Jumat, 01 Juni 2018

LUCUNYA PANCASILA


Mungkin karena negeri ini tanahnya subur makmur gemah ripah loh jinawi tongkat dan kayunya jadi tanaman (kata Koes Plus), maka orangnya secara umum santai dan senang bercanda. Memang ada satu dua yang serius bahkan ada yang selalu pasang tampang sangar, tapi yang begitu pun sering pula menimbulkan gelak tawa. Maka tidak aneh acara televisi pun siang malam isinya lelucon dan banyolan.


Salah satu hal yang serius tapi menimbulkan tawa adalah peristiwa yang beberapa hari lalu benar-benar terjadi. Kejadiannya adalah ketika ada acara di Kecamatan Bulakamba Brebes yang dihadiri Bupati. Sebagaimana kebiasaan Presiden yang suka main kuis dan bagi-bagi hadiah, Bupati Brebes juga melakukan hal yang sama, dengan tantangan menyebutkan Pancasila (mungkin karena dekat dangan Hari Lahir Pancasila). Dan kelucuan yang muncul adalah karena orang yang merespon tantangan itu begitu antusias tapi ujungnya salah alias tak mampu menyebutkan urutan Pancasila.

Zaman sekolah dulu juga pernah ada kelucuan yang berkaitan dengan Pancasila ini, yaitu ketika seorang teman disuruh maju untuk melafalkan sila-sila Pancasila yang ternyata sulitnya setengah mati. Teman saya itu ketika maju dan menghadap ke teman-teman, tanpa ancang-ancang langsung saja menyebut: “Satu Pancasila !” yang tentu saja mengundang tawa. Dan ketika diingatkan agar yang disebut Pancasila lebih dulu baru satu, dia terus mengulanginya kesalahannya sampai tiga kali lalu balik ke tempat duduk.

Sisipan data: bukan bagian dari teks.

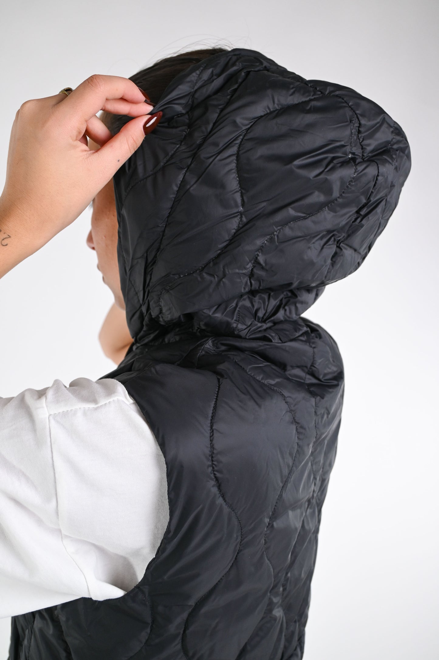 Gilet 100 grammi in piuma d'oca ultra light, con cappuccio, con bottoni a clip, con tasche
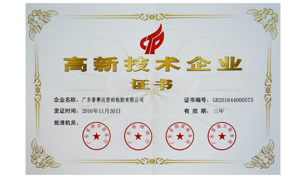 近日,公布了《2016年國家高新技術企業(yè)復審結果》,廣東普賽達密封粘膠有限公司榜上有名,標志著公司順利通過高新復審,再次被認定為高新技術企業(yè),現(xiàn)已頒發(fā)證書。(證書編號:GR201644000573)

Pancasila yang semenjak kecil sudah sering didengar dan dihafalkan, memang sering diremehkan. Saya juga sering menganggap remeh dan menertawakan orang yang tak hafal Pancasila, tapi ketika mencoba mengingat-ingat yang saya anggap telah hafal di luar kepala itu ternyata ada perasaan ragu juga. Dan akhirnya saya pun maklum dengan keadaan yang berlangsung di tengah-tengah warga saat ini, yaitu nilai-nilai Pancasila tidak diamalkan.

Dengan lima sila yang lumayan panjang saja Pancasila diremehkan, apalagi kalau penyederhanaannya yaitu Gotong Royong yang dikedepankan, rasanya akan lebih disepelekan. Orang-orang pastinya akan mengatakan: “Setiap hari kita melakukan gotong royong, untuk apa diributkan.” Ya, bagi orang kita hidup itu laku, teori hanya bikin bingung yang akhirnya malah bertengkar.

Jadi menghafal Pancasila dan berjuang mengamalkannya sepertinya bukan tugas warga kebanyakan, tapi tugas ini adalah milik para pejabat dan aparat. Para pejabat dan aparat yang harus berjuang mengamalkan Pancasila ini, lalu warga tinggal meneladaninya lewat lelaku harian mereka. Bukan sebaliknya anak-anak dituntut hafal dan mengamalkan Pancasila, orang-orang yang dianggap terhormat merusak nilai-nilainya seperti sekarang. Lucu memang.